Since in these cases the increase in C-reactive protein is lower than that found in conjunction with infections and inflammatory diseases, in recent years a “high sensitivity” test (HS-CRP, High Sensivity C-reactive protein) has been developed capable of dosing it accurately in a range between 0.5 and 15 mg / L. According to some studies, baseline levels above 2.4 mg / L would result in a cardiovascular risk twice as high as compared to that associated with values below 1 mg/L.
Being, however, a non-specific index of inflammation, the reliability of C-reactive protein as a screening of heart and circulatory health is still discussed and, in any case, it is recommended to use it only in combination with other blood tests that are altered in the metabolic syndrome (total cholesterol and HDL, apolipoproteins B and A1, homocysteine, triglycerides, blood glucose, etc.) and which can, as a whole, provide indications for the prevention of acute cardiovascular events (through specific treatments and interventions on nutrition and lifestyle) and constitute an overall good method to detect and monitor cardiac risk.
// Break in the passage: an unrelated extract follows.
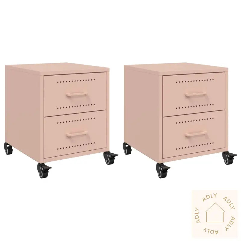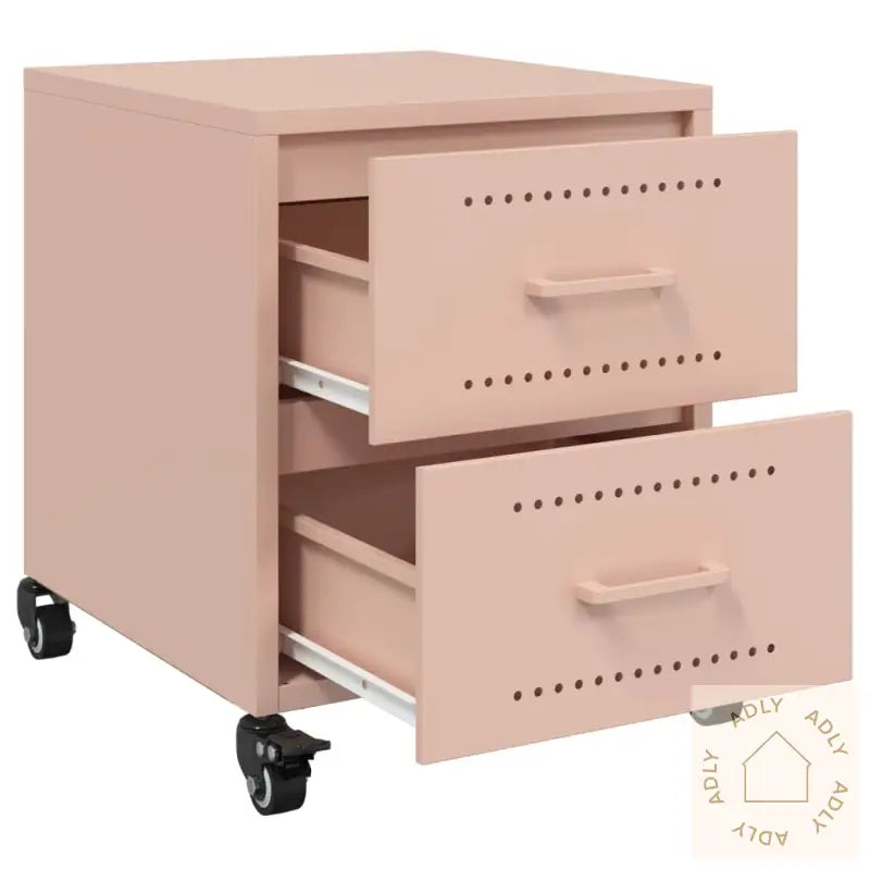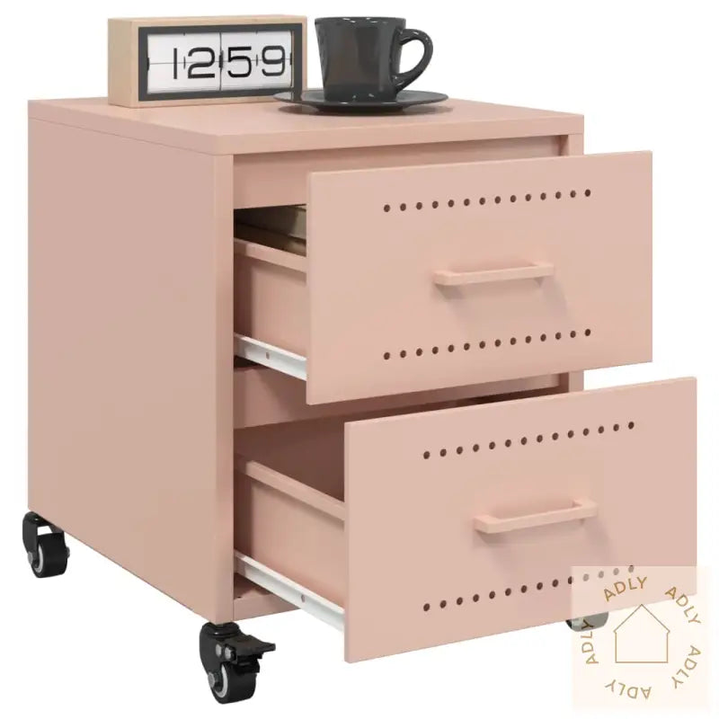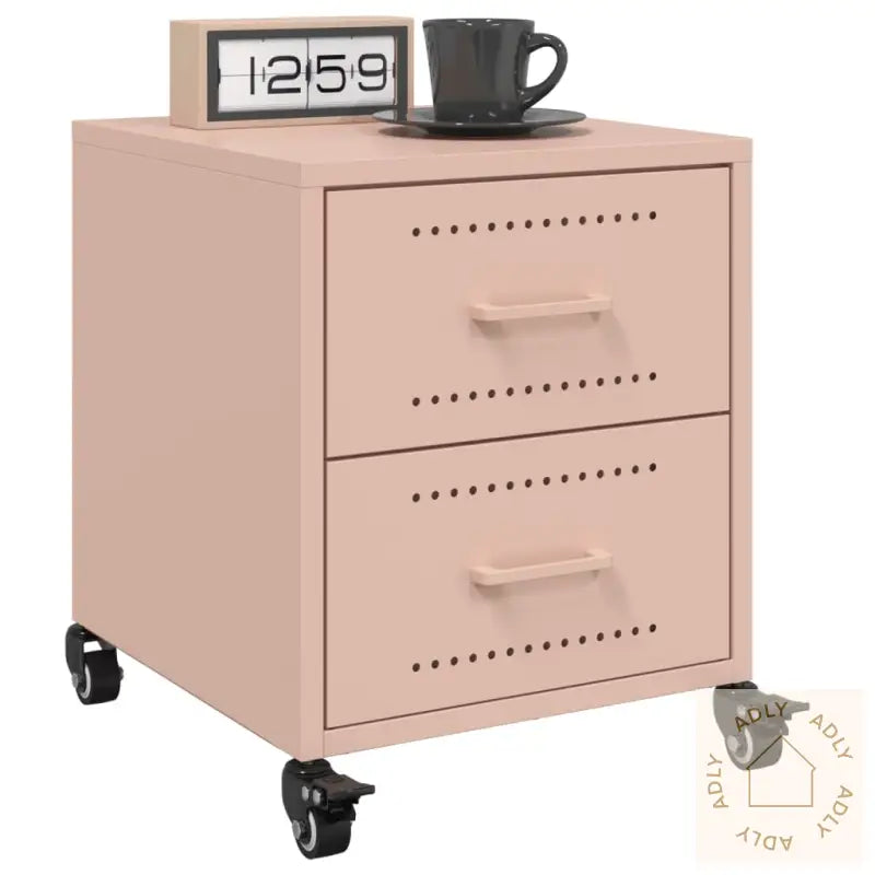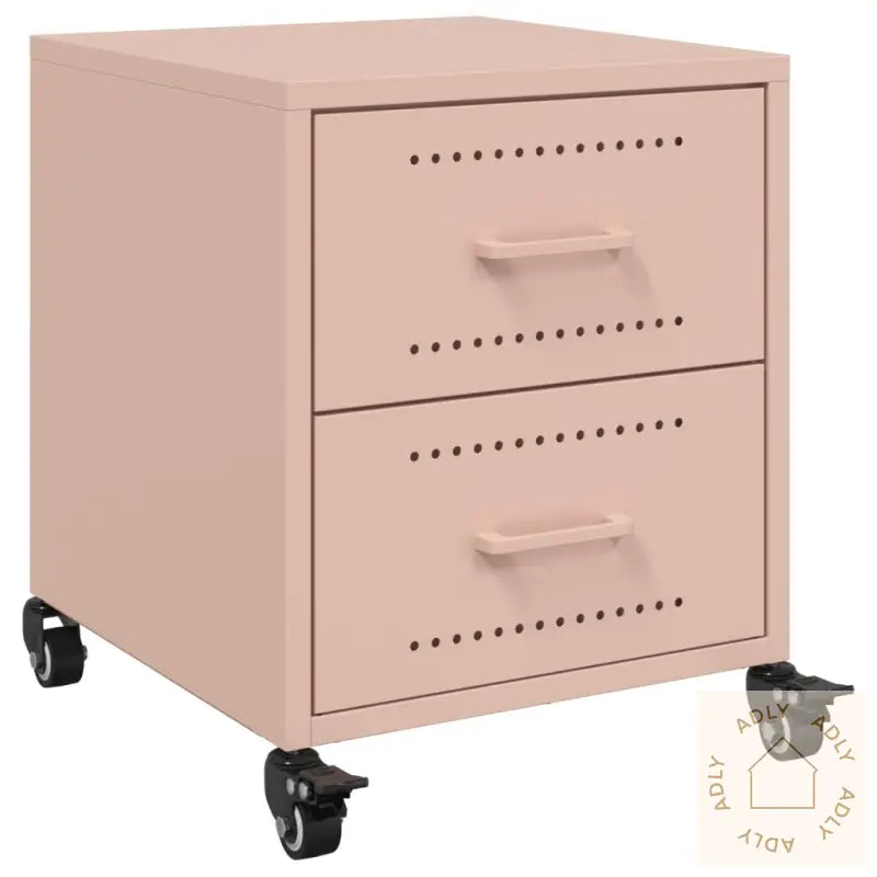 Stabilt materiale: Rammen på nattbordet er laget av kaldvalset stål, kjent for sin ekstra slitestyrke og elegante finish. Kaldvalset stål har en jevn overflate, styrke og holdbarhet, noe som gjør det til et smart valg for møbler til hjemmet som skal vare lenge. Samtidig ser det veldig elegant ut og gir en industriell touch til soverommet.Rikelig med lagringsplass: Skapet har god plass til oppbevaring, slik at du lett kan holde bøker, magasiner, fjernkontroller eller andre småting pent organisert og rett ved sengen. Perfekt for å skape et ryddig inntrykk og ha det du trenger innen rekkevidde.Enkelt å vedlikeholde: Overflaten på dette nattbordet tåler daglig bruk, og det er superenkelt å rengjøre med en fuktig klut. Fordi det krever minimalt med vedlikehold, får du mer tid til å slappe av i senga.Lett å flytte: Med 4 smidige hjul kan endebordet enkelt flyttes rundt etter behov, enten du skal ommøblere eller bare bytte plass. Når det står der du vil ha det, sørger hjulene for at bordet holder seg stabilt.Praktisk håndtak: Det stilrene håndtaket gjør det lett å åpne og lukke skapet, og tilfører også et dekorativt element som fremhever designet.Farge: rosaMateriale: kaldvalset stålMål: 36 x 39 x 43,5 cm (L x B x H)Med 2 skufferMontering kreves: jaLeveransen inneholder:2 x nattbord

Similar considerations can be made regarding the use of the test as a tumor marker: since the neoplastic pathology is often associated with the activation of inflammatory processes, in subjects suffering from some types of cancer there is generally an increase in the basal levels of the protein, of a magnitude similar to those typical of cardiovascular disease. The examination can therefore also be useful in the field of oncology, for the purpose of early diagnosis of cancer, but only if accompanied by specific investigations suggested by the overall clinical picture.
Joycelyn Elders is the author and creator of EmpowerEssence, a health and wellness blog. Elders is a respected public health advocate and pediatrician dedicated to promoting general health and well-being.